Saturday 23 October 2010

The rationalization behind cutting all of my hair off.



I've always aspired to look like Natalie Portman in Hotel Chevalier. There is a certain elegance in the way she bitchily commands the room in a trench coat and androgynous haircut. The same goes for Edie Sedgwick, and those random anorexic fashion majors running around campus.

I have always admired their confidence in the ability to pull off a masculine hair cut. It's easy enough to hide behind long pretty locks if you have a pimple or serious bags under your eyes. People will be distracted and not as focused on your face. There is also unfortunately the issue of what guys will think. We're brought up in a society where long hair for girls is considered the status quo, and straying from it makes you highly resemble Hilary Swank from Boys Don't Cry.

However, last night when I was pounding peppermint patty shots with Natalie (Whipped cream, peppermint schnapps, and chocolate sauce all in your mouth. Follow with serious gym time) I had an epiphany. I needed to make a serious lifestyle change. The apathy towards my major had reached epic heights, and my decision making skills have been poor of late. I needed a fresh start, preferably one that didn't include retail therapy.

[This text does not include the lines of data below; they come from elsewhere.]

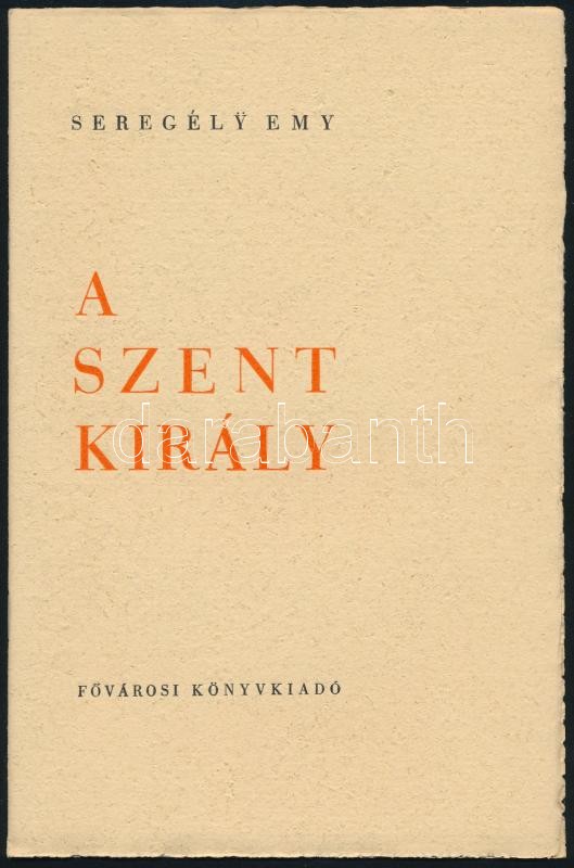 Seregély Emy: A szent király. Istókovics Kálmán (1898-1990) fametszeteivel. Bp.,1938, Fővárosi Könyvkiadó,(Fővárosi Nyomda Rt.-ny.) Kiadói papírkötés.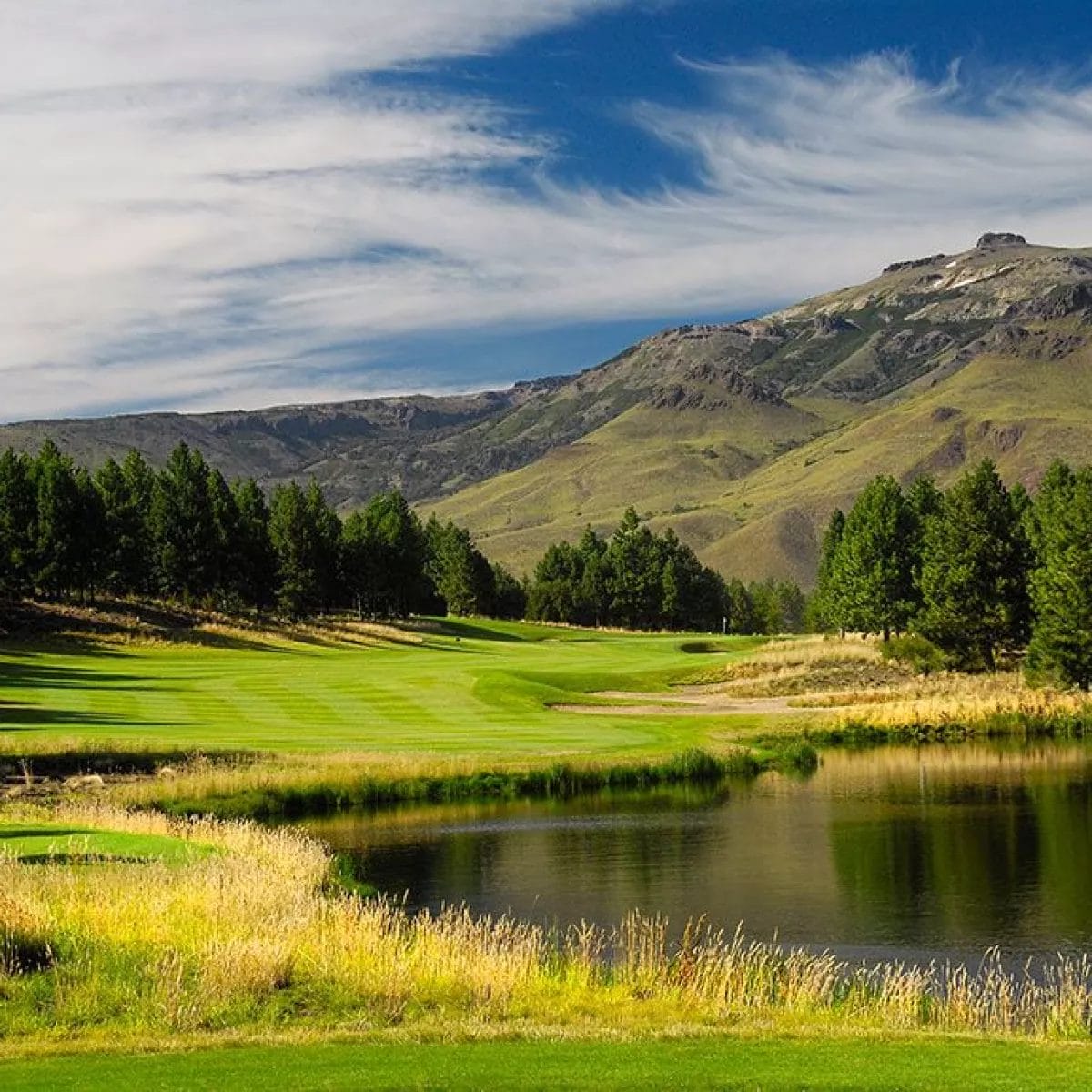 Morning golf at Chapelco Golf Club, a Jack Nicklaus design framed by the Andes. Consistently ranked among ArgentinaтАЩs top courses.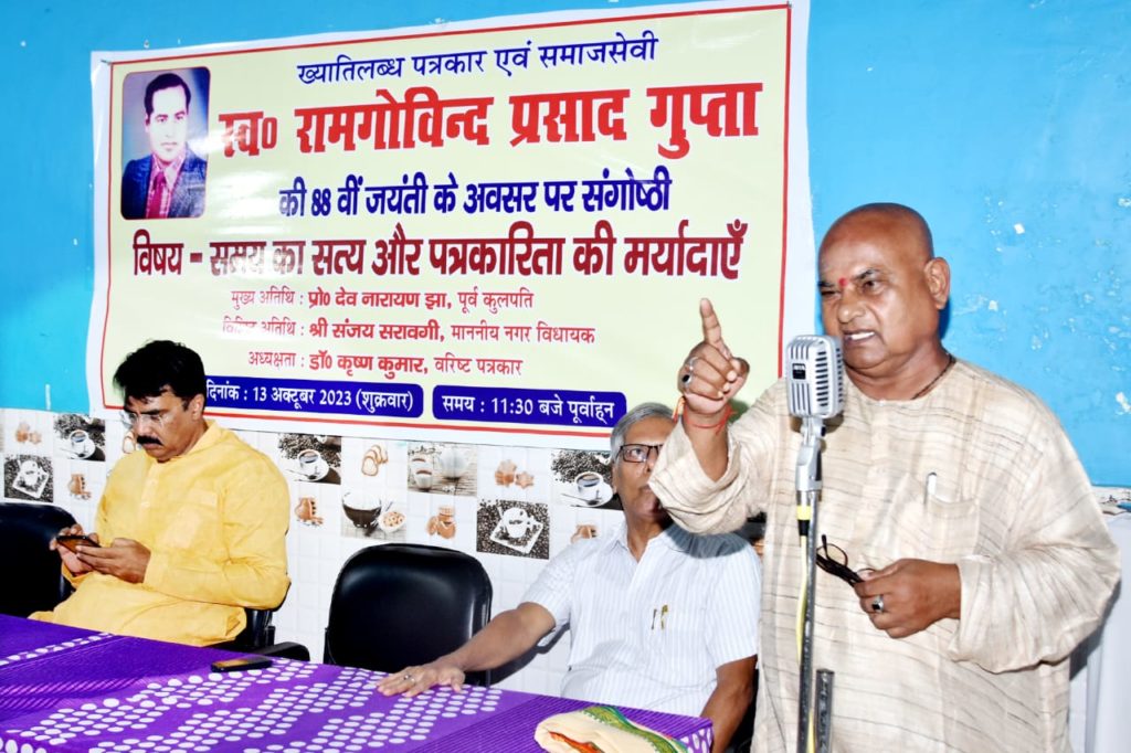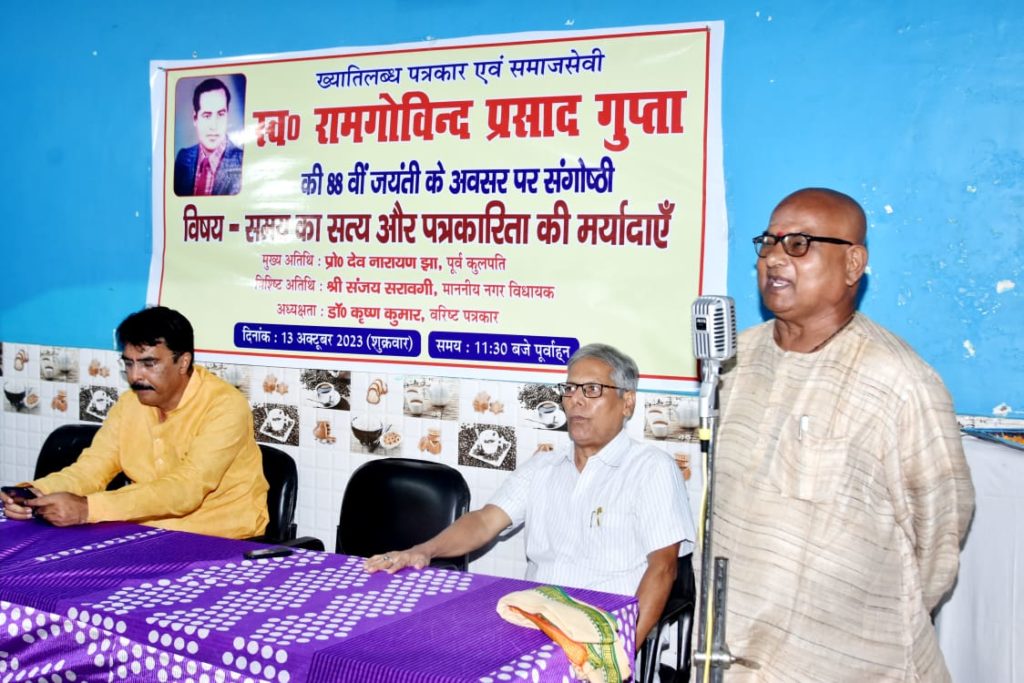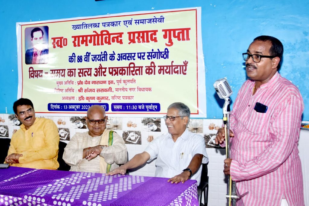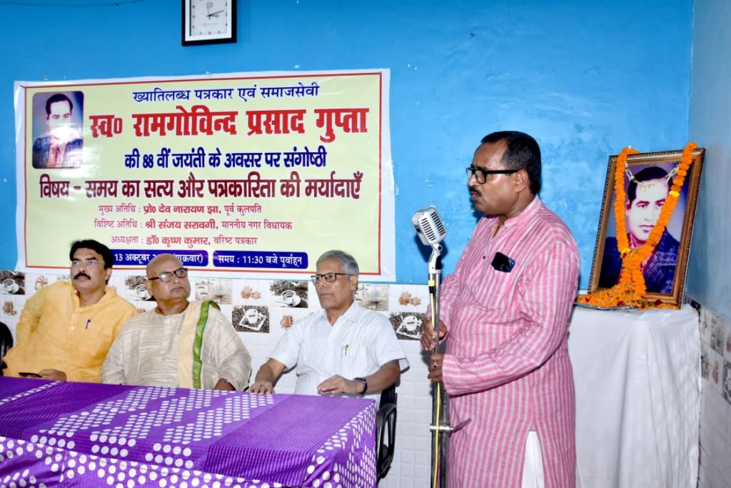 जबकि नवीन सिंहा ने कहा कि सत्य को व्यक्त करने पर पहले भी पत्रकार उत्पीड़ित होते थे और आज भी यह दौर जारी है।जबकि अध्यक्षता करते हुए हिन्दी के सेवानिवृत्त प्रोफेसर और पत्रकार डॉ कृष्ण कुमार ने कहा कि सच्चा पत्रकार हमेशा पत्रकारिता की गरिमा का ख्याल रखता है। यह प्रवृत्ति आज भी बरकरार है। इससे पूर्व संगोष्ठी का आरंभ अतिथियों ने स्व० रामगोविंद प्रसाद गुप्ता की तस्वीर पर पुष्प अर्पण से किया। जबकि संगोष्ठी में विषय प्रवेश प्रो रामचंद्र सिंह चन्द्रेश ने कराया। उन्होंने कहा कि सत्य हमेशा सत्य होता है समय भले बदलता रहता है।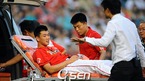 '2009 CJ 마구마구 프로야구' 두산 베어스와 SK 와이번스의 경기가 2일 오후 잠실구장에서 벌어졌다. 3회말 무사 두산 선두타자 김현수의 직선타에 손을 맞고 쓰러진 SK 김광현이 고통스러워하며 엠블런스로 이송되고 있다./잠실=윤민호 기자ymh@osen.co.kr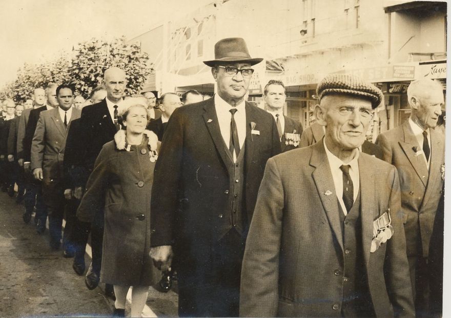 Penciled on back - Parade to mark Anzac Day and the 50th Anniversary of the Levin R.S.A. Sat. April 26, 1969.

After several more drinks, an ill-conceived frat party, an allergic reaction to said drinks (damn you red dye B5) and one of the worst texts I have ever received, my gut reaction was to call the salon as soon as I woke up this morning. Farewell curly Jew fro, hello pixie cut.

I don't know if it's because I've grown more confident over the years, or if I just stopped caring what other people think of me. Probably the latter, but nevertheless I'm damn proud of myself for not audibly crying when I saw all of my hair falling to the ground. I was initially scared that I would look too much like a little school boy, but then I realized I had two rather large reasons how they couldn't.

I may wake up tomorrow with the horrible realization that it will take at least two years for my hair to fully grow back, but for right now I'm not in panic mode. I'm too busy modeling headbands.